- **What you will do**
Copy, word for word, the lines below from the one containing "Dwustronna drabina stołek" up to and including the one containing "Around halfway through", with pictures left out.

- **Given records**
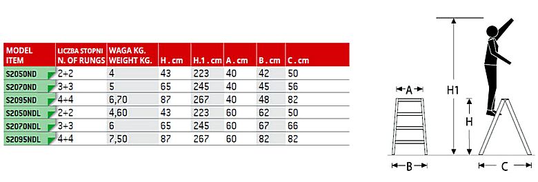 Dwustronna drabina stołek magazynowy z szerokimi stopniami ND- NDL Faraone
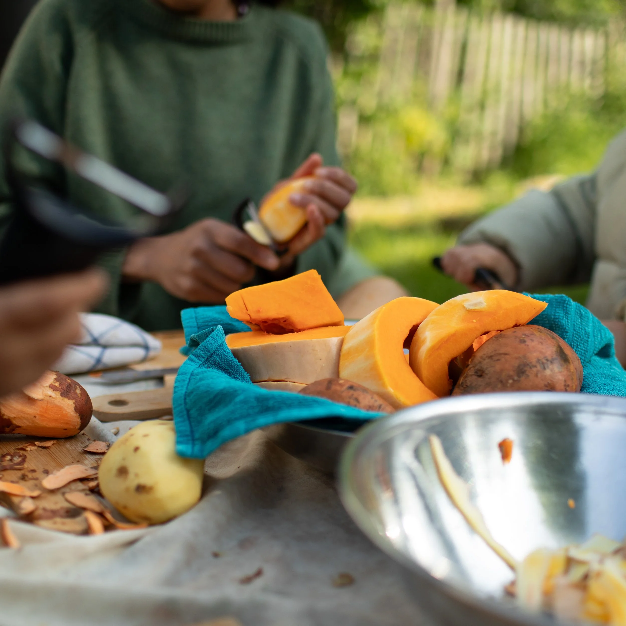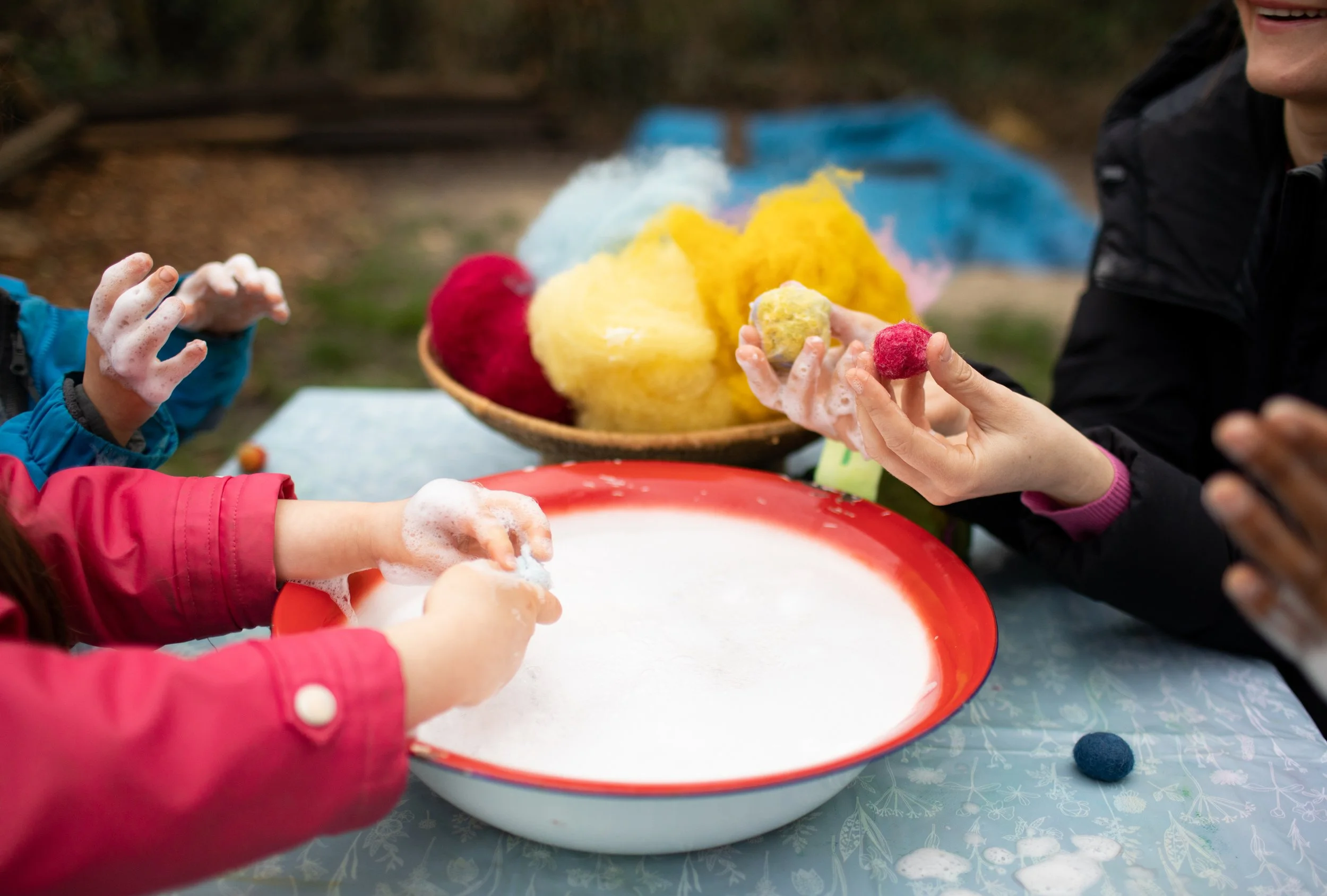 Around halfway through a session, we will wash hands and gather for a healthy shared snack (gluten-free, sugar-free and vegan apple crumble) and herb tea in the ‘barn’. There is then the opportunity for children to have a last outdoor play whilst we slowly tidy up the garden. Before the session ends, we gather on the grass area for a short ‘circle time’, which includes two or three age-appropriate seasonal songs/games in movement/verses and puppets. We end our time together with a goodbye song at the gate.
* * *
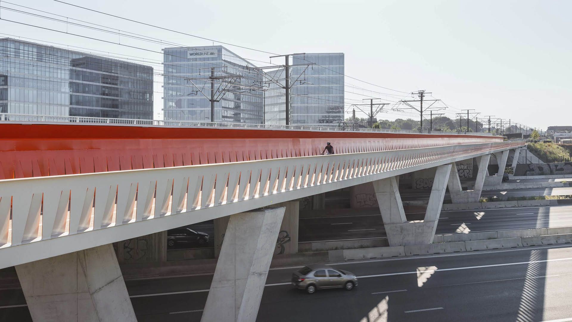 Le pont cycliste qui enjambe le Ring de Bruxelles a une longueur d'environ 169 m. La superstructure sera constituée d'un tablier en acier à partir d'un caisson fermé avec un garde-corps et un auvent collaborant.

- **Response**
 Dwustronna drabina stołek magazynowy z szerokimi stopniami ND- NDL Faraone
 Around halfway through a session, we will wash hands and gather for a healthy shared snack (gluten-free, sugar-free and vegan apple crumble) and herb tea in the ‘barn’. There is then the opportunity for children to have a last outdoor play whilst we slowly tidy up the garden. Before the session ends, we gather on the grass area for a short ‘circle time’, which includes two or three age-appropriate seasonal songs/games in movement/verses and puppets. We end our time together with a goodbye song at the gate.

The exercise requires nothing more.